(Information begins)

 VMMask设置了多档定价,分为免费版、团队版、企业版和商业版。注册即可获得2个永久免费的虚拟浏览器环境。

(Information ends)
(Information begins)

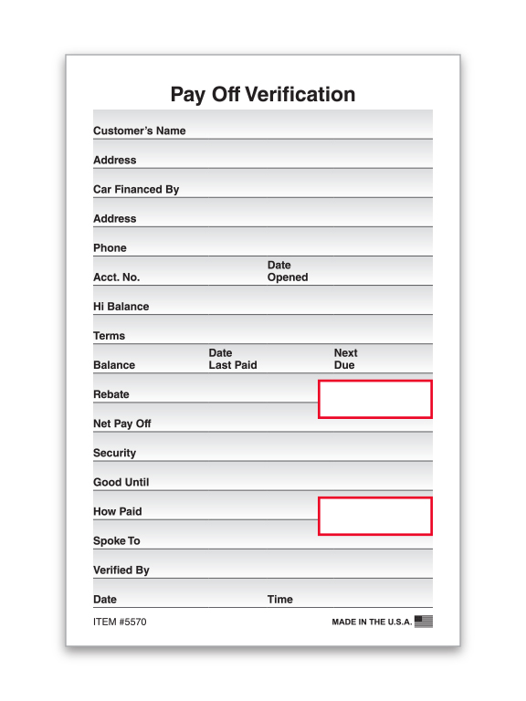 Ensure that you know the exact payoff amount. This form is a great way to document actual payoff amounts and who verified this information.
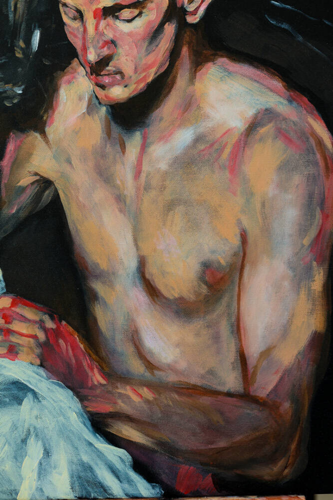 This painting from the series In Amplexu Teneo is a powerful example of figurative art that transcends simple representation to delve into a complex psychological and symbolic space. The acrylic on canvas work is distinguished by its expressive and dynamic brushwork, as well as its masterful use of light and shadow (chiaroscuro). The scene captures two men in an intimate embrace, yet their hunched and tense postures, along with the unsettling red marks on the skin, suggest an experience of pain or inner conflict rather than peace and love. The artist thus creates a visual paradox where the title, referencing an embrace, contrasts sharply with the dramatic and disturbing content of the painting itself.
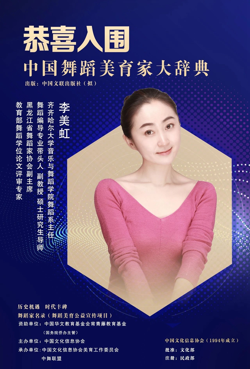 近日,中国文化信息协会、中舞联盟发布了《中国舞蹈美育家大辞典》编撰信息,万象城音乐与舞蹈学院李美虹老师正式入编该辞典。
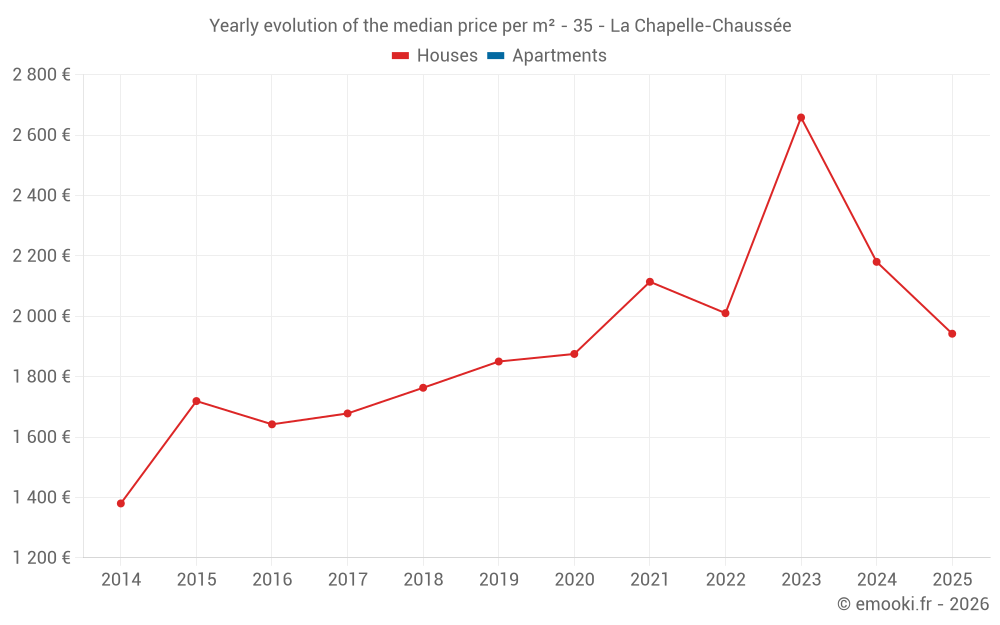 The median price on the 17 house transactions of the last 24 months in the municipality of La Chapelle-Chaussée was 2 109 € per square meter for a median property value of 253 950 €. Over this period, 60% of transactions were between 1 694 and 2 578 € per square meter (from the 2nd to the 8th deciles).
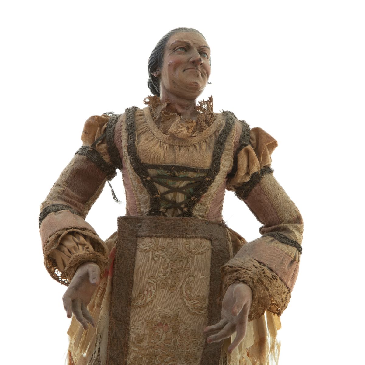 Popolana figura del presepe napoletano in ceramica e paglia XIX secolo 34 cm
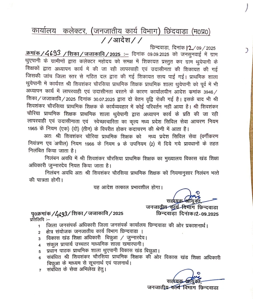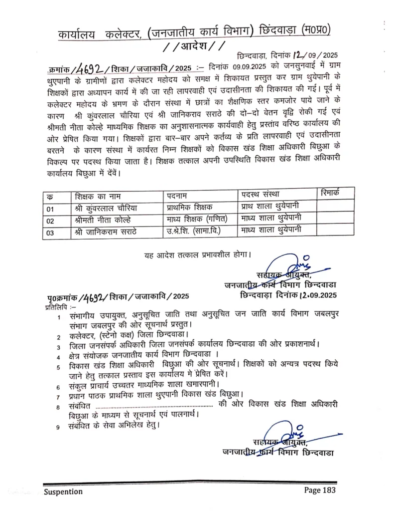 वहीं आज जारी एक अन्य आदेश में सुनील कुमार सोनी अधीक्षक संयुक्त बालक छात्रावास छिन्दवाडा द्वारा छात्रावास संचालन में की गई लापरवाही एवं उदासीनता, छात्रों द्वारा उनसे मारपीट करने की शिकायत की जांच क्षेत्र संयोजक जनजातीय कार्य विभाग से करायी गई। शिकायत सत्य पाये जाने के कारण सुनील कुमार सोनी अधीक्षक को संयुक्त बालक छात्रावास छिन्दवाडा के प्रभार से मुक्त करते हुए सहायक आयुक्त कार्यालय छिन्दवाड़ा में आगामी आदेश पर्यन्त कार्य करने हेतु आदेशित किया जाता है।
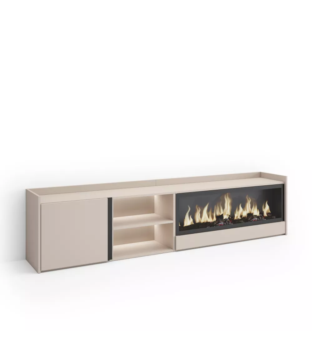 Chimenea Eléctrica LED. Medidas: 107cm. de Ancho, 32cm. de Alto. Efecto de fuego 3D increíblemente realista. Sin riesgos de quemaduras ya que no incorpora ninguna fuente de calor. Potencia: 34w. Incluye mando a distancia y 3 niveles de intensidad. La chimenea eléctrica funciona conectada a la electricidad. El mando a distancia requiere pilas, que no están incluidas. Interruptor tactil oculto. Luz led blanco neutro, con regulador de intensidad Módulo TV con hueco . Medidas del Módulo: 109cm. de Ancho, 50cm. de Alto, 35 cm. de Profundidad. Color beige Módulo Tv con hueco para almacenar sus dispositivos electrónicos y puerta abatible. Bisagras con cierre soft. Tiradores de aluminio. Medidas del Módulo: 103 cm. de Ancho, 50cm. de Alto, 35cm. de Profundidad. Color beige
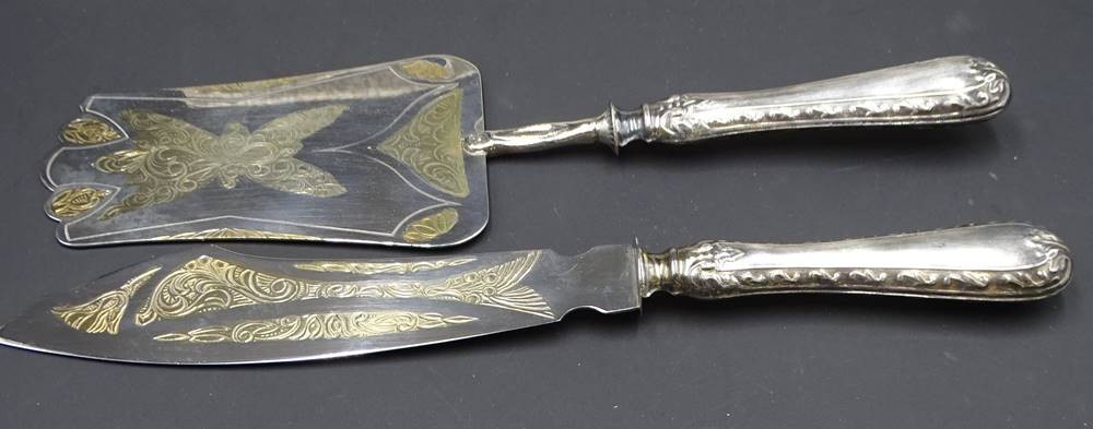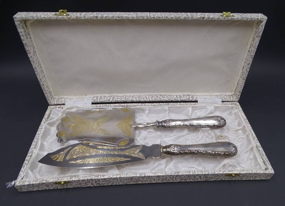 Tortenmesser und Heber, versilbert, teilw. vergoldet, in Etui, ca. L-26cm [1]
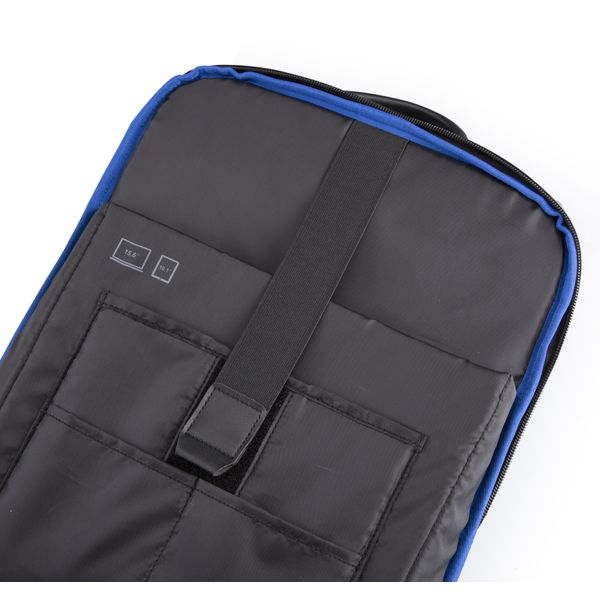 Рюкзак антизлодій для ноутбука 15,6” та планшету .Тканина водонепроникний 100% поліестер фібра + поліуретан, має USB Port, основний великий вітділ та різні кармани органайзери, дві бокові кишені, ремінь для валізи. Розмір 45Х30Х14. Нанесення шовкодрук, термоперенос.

(Information ends)

• [What the task requires]
In the records above, find the line with "The median price". Print exactly from there through the line with "Рюкзак антизлодій для", minus the pictures.

• [Output]
 The median price on the 17 house transactions of the last 24 months in the municipality of La Chapelle-Chaussée was 2 109 € per square meter for a median property value of 253 950 €. Over this period, 60% of transactions were between 1 694 and 2 578 € per square meter (from the 2nd to the 8th deciles).
 Popolana figura del presepe napoletano in ceramica e paglia XIX secolo 34 cm
 वहीं आज जारी एक अन्य आदेश में सुनील कुमार सोनी अधीक्षक संयुक्त बालक छात्रावास छिन्दवाडा द्वारा छात्रावास संचालन में की गई लापरवाही एवं उदासीनता, छात्रों द्वारा उनसे मारपीट करने की शिकायत की जांच क्षेत्र संयोजक जनजातीय कार्य विभाग से करायी गई। शिकायत सत्य पाये जाने के कारण सुनील कुमार सोनी अधीक्षक को संयुक्त बालक छात्रावास छिन्दवाडा के प्रभार से मुक्त करते हुए सहायक आयुक्त कार्यालय छिन्दवाड़ा में आगामी आदेश पर्यन्त कार्य करने हेतु आदेशित किया जाता है।
 Chimenea Eléctrica LED. Medidas: 107cm. de Ancho, 32cm. de Alto. Efecto de fuego 3D increíblemente realista. Sin riesgos de quemaduras ya que no incorpora ninguna fuente de calor. Potencia: 34w. Incluye mando a distancia y 3 niveles de intensidad. La chimenea eléctrica funciona conectada a la electricidad. El mando a distancia requiere pilas, que no están incluidas. Interruptor tactil oculto. Luz led blanco neutro, con regulador de intensidad Módulo TV con hueco . Medidas del Módulo: 109cm. de Ancho, 50cm. de Alto, 35 cm. de Profundidad. Color beige Módulo Tv con hueco para almacenar sus dispositivos electrónicos y puerta abatible. Bisagras con cierre soft. Tiradores de aluminio. Medidas del Módulo: 103 cm. de Ancho, 50cm. de Alto, 35cm. de Profundidad. Color beige
 Tortenmesser und Heber, versilbert, teilw. vergoldet, in Etui, ca. L-26cm [1]
 Рюкзак антизлодій для ноутбука 15,6” та планшету .Тканина водонепроникний 100% поліестер фібра + поліуретан, має USB Port, основний великий вітділ та різні кармани органайзери, дві бокові кишені, ремінь для валізи. Розмір 45Х30Х14. Нанесення шовкодрук, термоперенос.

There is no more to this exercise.